When it comes to Amazon's respect for its workers' safety, let's start
here:
[…] a warehouse employee contacted the Occupational Safety and Health Administration on June 2 to report that the heat index in the warehouse had reached 102 degrees, and that 15 workers had collapsed. The employee also said workers who were sent home because of the heat received disciplinary points.
At what point does a company think they have a problem? Now, I am not expecting a warehouse to be air-conditioned to a comfortable 75 degrees. But 102? That is acceptable? Even when I was in the Army, work stopped on post when heat and humidity combined to a certain level.
The Morning Call, a daily newspaper in Allentown, Pa., delivered a grim picture last weekend about what it is like to work in the local Amazon warehouse, sorting material for delivery to millions of eager customers. In eastern Pennsylvania, like just about everywhere else, jobs are lacking, and Amazon is one of the few places that is hiring. Many workers are brought on by a staffing company as temporary workers ("Are you interested in working in a fun, fast-paced atmosphere earning up to $12.25 per hour?" the ad asks.) This transient status gives them little incentive to complain, even as the heat boiled upward over the summer. The result was an environment that, one employee told the paper, resembled "working in a convection oven while blow-drying your hair."
Amazon could presumably afford to hire permanent workers; however, why pay a worker and provide benefits? That would just cut into profits. Heaven forbid profits get cut in any way.
Eight days later [...] an emergency room doctor at a local hospital saw enough Amazon employees suffering from heat-related injuries to call OSHA and report "an unsafe environment."
So many ambulances responded to medical assistance calls at the warehouse during a heat wave in May […] that the retailer paid Cetronia Ambulance Corps to have paramedics and ambulances stationed outside the warehouse during several days of excess heat over the summer. About 15 people were taken to hospitals, while 20 or 30 more were treated right there […]
The Occupational Safety and Health Administration "investigated conditions at the warehouse, [and] told Amazon that the way the warehouse was run had 'the potential to adversely impact' employee safety and health." Really, it took OSHA to tell them that? I would think the fact that people were passing out and that ambulances had to be on station would have been the first clue!

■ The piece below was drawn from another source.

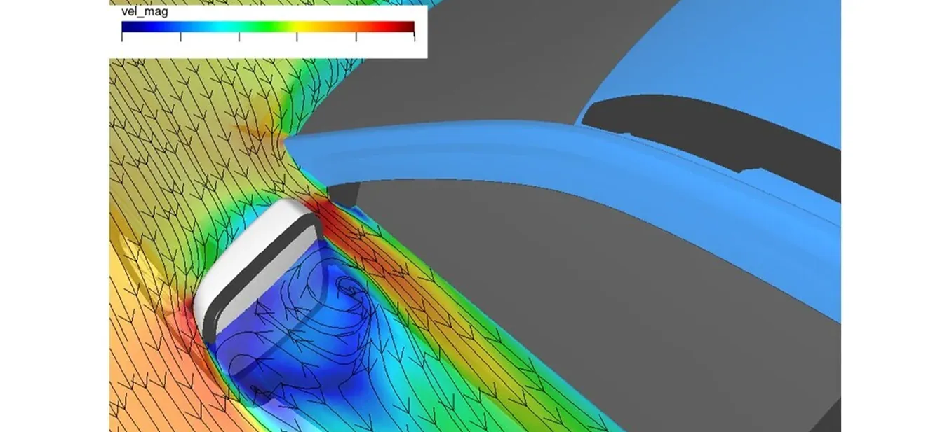 Mặt cắt ngang của luồng không khí xung quanh gương cho thấy hiệu quả ngăn chặn tiếng ồn: Thiết kế của ốp gương và chân gương giúp tạo ra luồng không khí chuyển động nhanh, ngăn tách giữa gương chiếu hậu và kính bên. Từ đó giúp ngăn chặn tiếng ồn gió tạo ra ở gương chiếu hậu lọt vào khoang xe. (Chú thích: Màu Đỏ = Không khí di chuyển với tốc độ Nhanh; Xanh = Không khí di chuyển với tốc độ Chậm)

This type of work environment is exactly why unions are necessary. I hope a union somewhere is looking at Amazon’s warehouse and planning on organizing the workers.
Oh, and to show what is really important, the article where I saw this story ran with this to close:
Investors were undaunted; in the challenging Internet economy, this is the exact way they want companies to be run. On a down day for the market, the retailer's stock rose $2.39 on Monday to a new high of $241.69, giving Amazon a market value of $110 billion.
People are collapsing on the warehouse floor from heat exhaustion and we get a paragraph on how this is not impacting the stock price … (I will stop there before I run with words that I won’t let my son say).
I highly recommend that you read the entire article at The Morning Call. This is not just about a few hot days in a warehouse. This is about deplorable treatment of employees.